Theorem $:$
Let $R$ be an integral domain such that $R$ is Noetherian, integrally closed and every non-zero prime ideal of $R$ is maximal with quotient field $K.$ Then every non-zero prime ideal of $R$ is invertible.
Proof $:$
Consider a non-zero prime ideal $P$ of $R.$ Let us consider the $P' = \{ x \in K : xP \subseteq R \}.$ Then I know that $P' \supsetneq R.$ So $\exists y \in P' \setminus R.$ Let $x$ be any non-zero element of $P.$
Then $P= RP \subset P'P \subset R.$ So either $P'P=P'$ or $P'P=R.$ If $P'P=P$ then $(P')^n P = P,\ \text {for all}\ n \geq 1.$ Then $xy^n \in P$ for all $n \geq 1.$ But then $x R[y] \subseteq R.$ Then $x R[y]$ is an ideal of $R.$ Since $R$ is Noetherian so $x R[y]$ is finitely generated. Let $x R[y]$ is generated by $a_1,a_2, \cdots ,a_n.$ Then $R[y]$ is generated by $x^{-1}a_1,x^{-1}a_2, \cdots , x^{-1} a_n.$ But then $y$ is integral over $R,$ a contradiction to the fact that $R$ is integrally closed. So $P'P \neq P.$ Therefore $P'P = R.$ So $P$ is invertible, as required.

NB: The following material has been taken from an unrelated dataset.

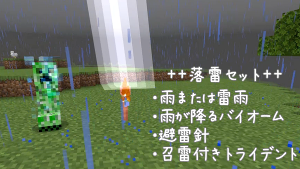 昔は雷雨になるのを待って偶然クリーパーに落雷するのを願うしかなかったのですが、今は雨天時に雨の降るバイオームで避雷針に召雷付きトライデントを当てれば任意の場所に落雷させることができます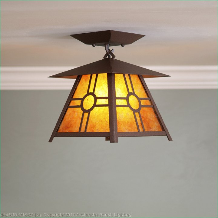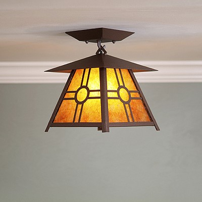 The Smoky Mtn Ceiling Light Small - features our exclusive mission-style artwork on all four panels. The lantern also comes with a diffuser material choice between Almond or Amber mica. This fixture attaches to the ceiling with a square ceiling canopy, and is suitable for interior and damp locations only. This Mission-style ceiling fixture will bring warm lighting and character to any cottage, home, or craftsman-styled room.

I can't understand the sentence in bold letters in the above proof. Would anybody please help me understanding this? Any help will be highly appreciated.
Thank you very much.
Since $R[y]$ is finitely generated over $R$ as a module, it is integral over $R$, so $y$ is integral over $R$.